Data records:
•••

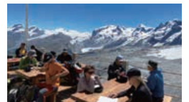
▲ヘルンリ小屋のテラスからの壮大な景色

ヘルンリ小屋のテラスからは眼前に迫るマッターホルンをはじめヴァリス山群の壮大な姿が堪能できます。ヘルンリ小屋に泊まればその大パノラマを満喫して下さい。
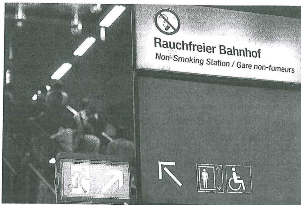
Vielsprachigkeit: Auch am Hauptbahnhof ein Thema
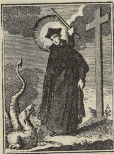
S IGNATIVS LOYOLA Denuñan per contemptū baculo abigit

A los que vocean en toda clase de tonos los gloriosos caracteres que ha producido nuestra Patria; a los que buscan con ansia entre empolvados pergaminos los orígenes de nuestras ciudades y de nuestros apellidos; a los que estudian con paciencia de psicólogo las cualidades de nuestra raza, sin llegar a definirla nunca, ¡tal es su complejidad! a todos, en fin, que todos nos sentimos orgullosos de haber abierto los ojos a la luz bajo el dosel azul del firmamento español, débenos ser de gran estudio y especial reflexión la silueta de Iñigo de Loyola, que la incesante movilidad del tiempo nos ofrece.
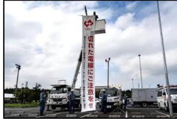
東京電力パワーグリッド
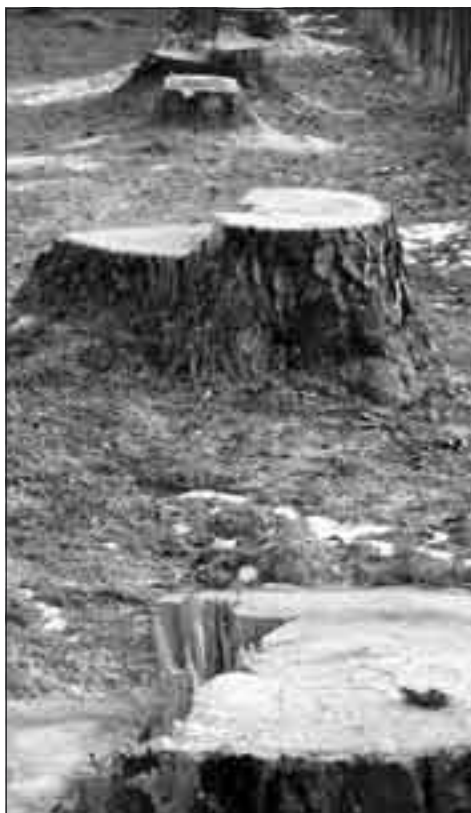
Padly další poškozené stromy po letní vichřici.
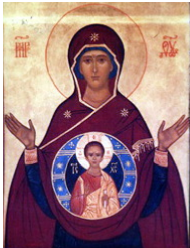
شمایل روسی عذرای آیت (مریم بسیار مقدس)
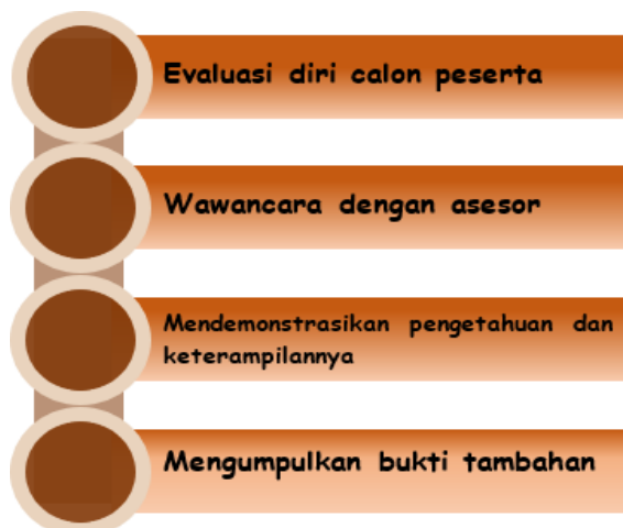
Gambar 2.1 Asesmen CP

Asesmen untuk pengakuan CP yang berasal dari pendidikan nonformal, informal, dan/atau pengalaman kerja dilakukan dengan mengikuti tahapan sebagai berikut.
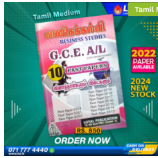
2024 A/L Business Studies Past Paper Book (Tamil Medium) ₹ 850.00 or 3 X ₹ 283.33 with KOKO
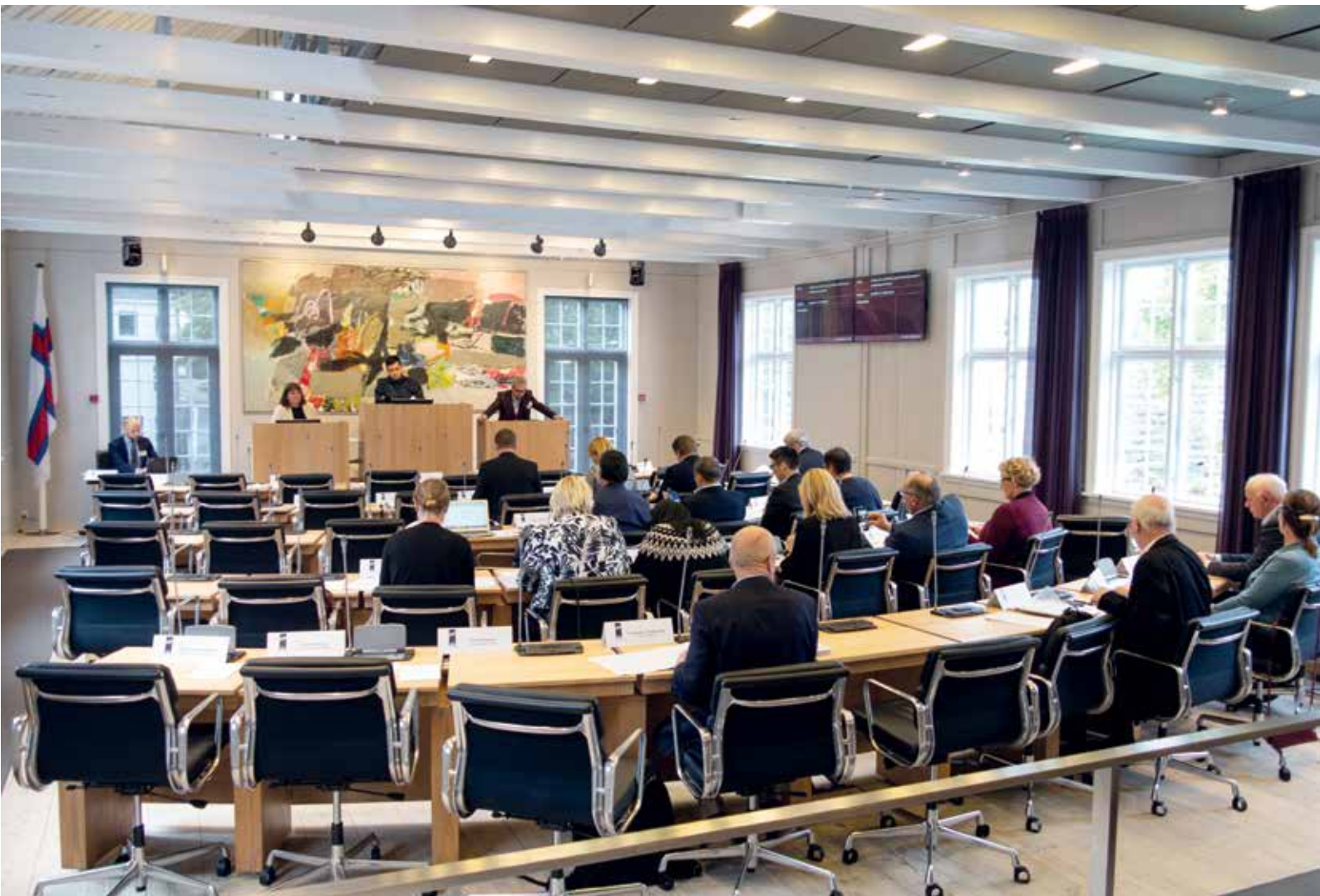
Vestnordisk Råds årsmøde fra den 5. til den 6. september blev holdt i Lagtinget på Færøerne.

•••

(ACTIVITY):
If a line of the data includes the word "Asesmen", it counts; give how many lines do, as a bare number.

(EXERCISE RESPONSE):
2